As for me, after I'd been a prima ballerina for a number of years and was ready to marry and settle down, I didn't know what kind of man I wanted if he didn't measure up to Chris, or my father. I wanted him handsome, I knew that, for I wanted beautiful children. And I wanted him brilliant, or I might not respect him. Before I accepted his diamond
engagement ring, I'd sit him down to play games, and if I won time and again, I'd smile, shake my head, and tell him to take his ring back to the store.
And as we made our plans for the future, our pots of philodendron drooped limp; our ivy leaves turned yellow before they died. We bustled about, giving our plants tender loving care, talking to them, pleading with them, asking them to please stop looking sick, and perk up and straighten up their necks. After all, they were getting the healthiest of all sunlight--that eastern morning light.
In a few more weeks Cory and Carrie stopped pleading to go outside. No longer did Carrie beat her small fists against the oak door, and Cory stopped trying to kick it down with his ineffectual small feet, wearing only soft sneakers that didn't keep his small toes from bruising.
They now docilely accepted what before they'd denied--the attic "garden" was the only "outside" available to them. And in time, pitiful as it was, they soon forgot there was a world other than the one we were locked up in.
Chris and I had dragged several old mattresses close to the eastern windows, so we could open the windows wide and sunbathe in the beneficial rays that didn't have to pass through dirty window glass first.

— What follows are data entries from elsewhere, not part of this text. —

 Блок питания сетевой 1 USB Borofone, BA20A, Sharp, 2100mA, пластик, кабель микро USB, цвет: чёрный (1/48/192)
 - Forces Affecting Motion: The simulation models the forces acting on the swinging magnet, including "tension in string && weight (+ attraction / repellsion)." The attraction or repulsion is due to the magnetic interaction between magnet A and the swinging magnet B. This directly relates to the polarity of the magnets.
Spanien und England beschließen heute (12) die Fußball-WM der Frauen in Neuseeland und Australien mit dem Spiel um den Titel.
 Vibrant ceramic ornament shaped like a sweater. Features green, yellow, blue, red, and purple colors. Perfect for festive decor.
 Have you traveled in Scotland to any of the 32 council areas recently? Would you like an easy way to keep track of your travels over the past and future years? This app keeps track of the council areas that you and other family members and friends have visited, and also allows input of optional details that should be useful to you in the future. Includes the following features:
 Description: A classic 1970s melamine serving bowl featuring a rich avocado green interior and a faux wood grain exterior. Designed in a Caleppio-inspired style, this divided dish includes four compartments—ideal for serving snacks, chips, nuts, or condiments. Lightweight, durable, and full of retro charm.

Children needed sunlight in order to grow. All we had to do was look at our dying plants, and register what the attic air was doing to our greenery.
Unabashedly, we stripped off all our clothes and sun-bathed in the short time the sun visited our windows. We saw each other's differences, and thought little about them, and frankly told Momma what we did, so we, too, wouldn't die from lack of sunlight. She glanced from Chris to me and weakly smiled. "It's all right, but don't let your grandmother know. She wouldn't approve, as you well know."

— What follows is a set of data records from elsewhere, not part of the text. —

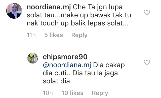 Namun Che Ta tidak mendiamkan diri apabila membalas ringkas dengan perkataan “cuti” iaitu maksudnya sedang datang bulan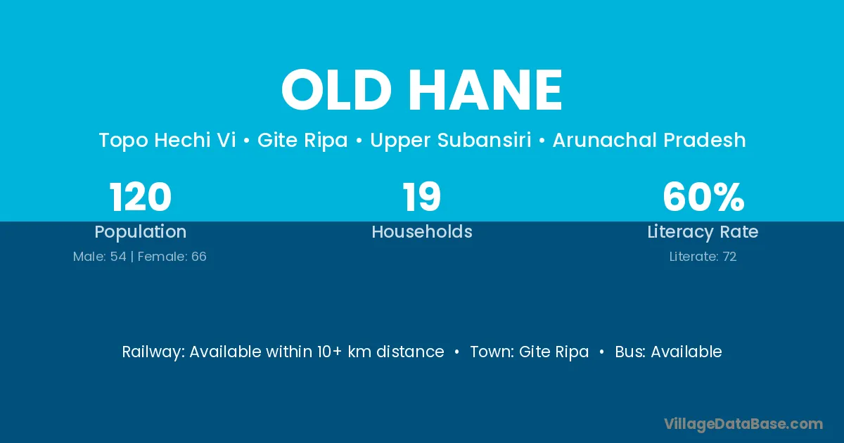 The literacy rate of Old Hane village is 60.00%. Male literacy stands at 68.52% and female literacy at 53.03%.
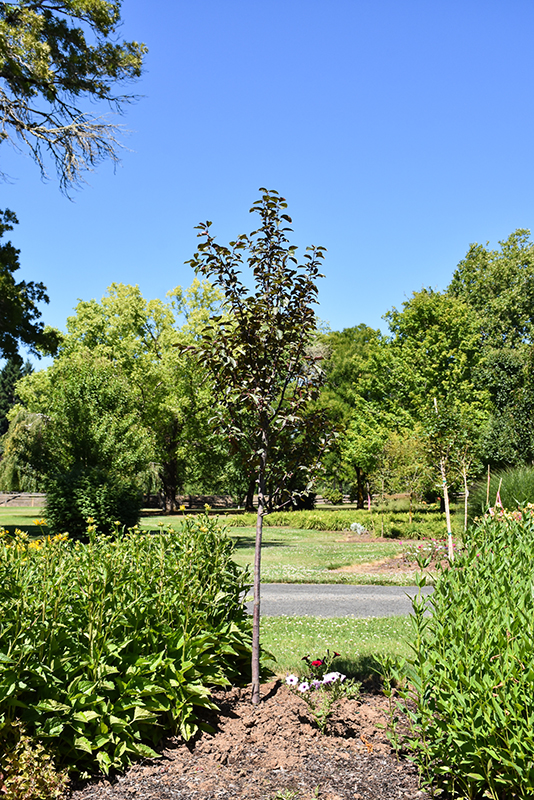 A stunning selection with an upright, oval habit and excellent disease resistance; bright magenta-pink flowers in spring; tiny, deep red fruit persists into fall and winter; foliage holds it burgundy-red color, with bronze-orange tints in fall

I know now that she looked at Chris, and then at me for signs to indicate our innocence, or our awakening sexuality. And what she saw must have given her some assurance we were still only children, though she should have known better.
The twins loved to be naked and play as babies. They laughed and giggled when they used terms such as "do-do" and "twiddle-dee" and, enjoyed looking at the places where do-do came from, and wondered why Cory's twiddle-dee maker was so different from Carrie's.
"Why, Chris?" asked Carrie, pointing at what he had, and Cory had, and she and I didn't have.
I went right on reading Wuthering Heights and tried to ignore such silly talk.